▶ _REQUIRED ACTION_
Print the first line of the data below and every one after it, through the line containing "CLIUNT - اداة", exactly as written.

● ● ● ● ● ● ●

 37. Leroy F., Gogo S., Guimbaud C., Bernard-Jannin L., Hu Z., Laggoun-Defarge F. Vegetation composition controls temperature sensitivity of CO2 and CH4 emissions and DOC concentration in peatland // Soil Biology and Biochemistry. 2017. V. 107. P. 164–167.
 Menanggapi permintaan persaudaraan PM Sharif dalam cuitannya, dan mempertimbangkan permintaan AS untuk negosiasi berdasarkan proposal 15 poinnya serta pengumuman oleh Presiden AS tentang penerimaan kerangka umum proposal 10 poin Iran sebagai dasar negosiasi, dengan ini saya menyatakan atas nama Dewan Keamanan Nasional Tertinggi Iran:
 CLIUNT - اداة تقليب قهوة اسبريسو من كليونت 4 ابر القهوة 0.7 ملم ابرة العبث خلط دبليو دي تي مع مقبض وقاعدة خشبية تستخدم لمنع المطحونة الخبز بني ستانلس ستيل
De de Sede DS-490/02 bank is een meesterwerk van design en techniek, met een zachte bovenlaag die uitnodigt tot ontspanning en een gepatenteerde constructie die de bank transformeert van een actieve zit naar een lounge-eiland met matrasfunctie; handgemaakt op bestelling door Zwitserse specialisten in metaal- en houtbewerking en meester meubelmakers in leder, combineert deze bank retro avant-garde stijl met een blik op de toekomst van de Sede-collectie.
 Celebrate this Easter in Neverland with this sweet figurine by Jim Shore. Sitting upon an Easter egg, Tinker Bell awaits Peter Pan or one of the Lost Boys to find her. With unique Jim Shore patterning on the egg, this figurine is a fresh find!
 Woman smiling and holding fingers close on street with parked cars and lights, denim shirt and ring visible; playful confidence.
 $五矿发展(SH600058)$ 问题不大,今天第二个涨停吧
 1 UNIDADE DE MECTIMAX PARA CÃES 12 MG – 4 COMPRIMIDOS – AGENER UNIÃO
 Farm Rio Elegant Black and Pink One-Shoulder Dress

● ● ● ● ● ● ●

▶ _RESPONSE BELOW_
 37. Leroy F., Gogo S., Guimbaud C., Bernard-Jannin L., Hu Z., Laggoun-Defarge F. Vegetation composition controls temperature sensitivity of CO2 and CH4 emissions and DOC concentration in peatland // Soil Biology and Biochemistry. 2017. V. 107. P. 164–167.
 Menanggapi permintaan persaudaraan PM Sharif dalam cuitannya, dan mempertimbangkan permintaan AS untuk negosiasi berdasarkan proposal 15 poinnya serta pengumuman oleh Presiden AS tentang penerimaan kerangka umum proposal 10 poin Iran sebagai dasar negosiasi, dengan ini saya menyatakan atas nama Dewan Keamanan Nasional Tertinggi Iran:
 CLIUNT - اداة تقليب قهوة اسبريسو من كليونت 4 ابر القهوة 0.7 ملم ابرة العبث خلط دبليو دي تي مع مقبض وقاعدة خشبية تستخدم لمنع المطحونة الخبز بني ستانلس ستيل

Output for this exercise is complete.